A land acknowledgement or territorial acknowledgement is a formal statement that a public event is taking place on land originally inhabited by indigenous peoples. In situations where it is used, it is often spoken at the beginning of an event. They have also become popular on social media platform biographies.

By country

Australia
In Australia, the Welcome to Country or Acknowledgement of Country is a ritual performed intended to highlight the cultural significance of the surrounding area to a particular Aboriginal Australian or Torres Strait Islander clan or language group. It has been performed since the 1970s, becoming more common since the early 2000s.
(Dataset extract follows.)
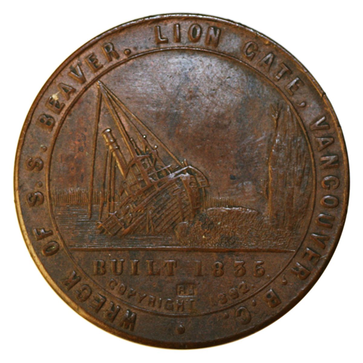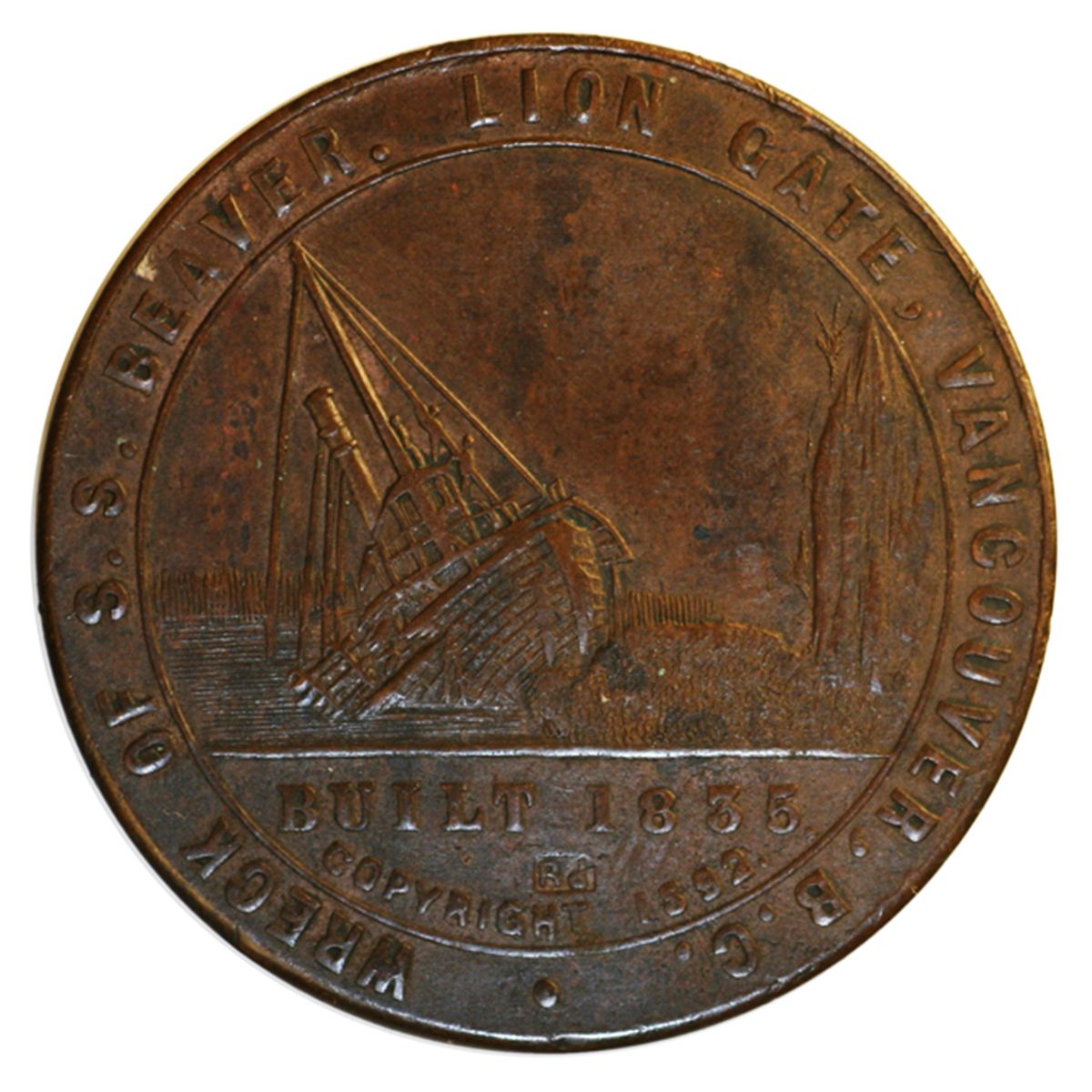 H.B.C. S.S. Beaver souvenir medal by C.W. McCain. 1892. AE. 42mm. Edge serial-numbered 420. Ler. Supp. 1581. VF+. The S.S. Beaver was built in 1835 and wrecked in 1892.

It is important as a refutation of the colonial idea of terra nullius, which was overturned by the Mabo decision in 1992.

Canada
In Canada, land acknowledgments became more popular after the 2015 Truth and Reconciliation Commission report (which argued that the country's Indian residential school system had amounted to cultural genocide) and the election of Liberal prime minister Justin Trudeau that same year. By 2019, they were a regular practice at events including National Hockey League games, ballet performances, and parliament meetings.

United States
In the United States, the practice of land acknowledgments has been gaining momentum as well. The movement began with museums on the east coast and has progressively moved west over the last several years and spread to institutions of higher education, non-profit organizations, and local governments. After the 2020 Oscar land acknowledgment statement by Taika Waititi, the movement has received more attention, both positively and negatively. Every*Learner*Everywhere, supported by the Bill and Melinda Gates Foundation, has resources on the topic of land acknowledgment statements and the Association for the Study of Higher Education has established a guide for land acknowledgments as well. Albums such as Fiona Apple's Fetch the Bolt Cutters and Animal Collective's Time Skiffs have contained land acknowledgments of their recording studios in their respective liner notes.

Criticism 
Critics of land acknowledgments have described them as excesses of political correctness or expressed concerns that they amount to empty gestures that avoid addressing the issues of indigenous communities in context. Ensuring the factual accuracy of acknowledgments can be difficult due to problems like conflicting land claims or unrecorded land exchanges between indigenous groups.

References

External links

 Native Land Digital, Territory Acknowledgement (Canada)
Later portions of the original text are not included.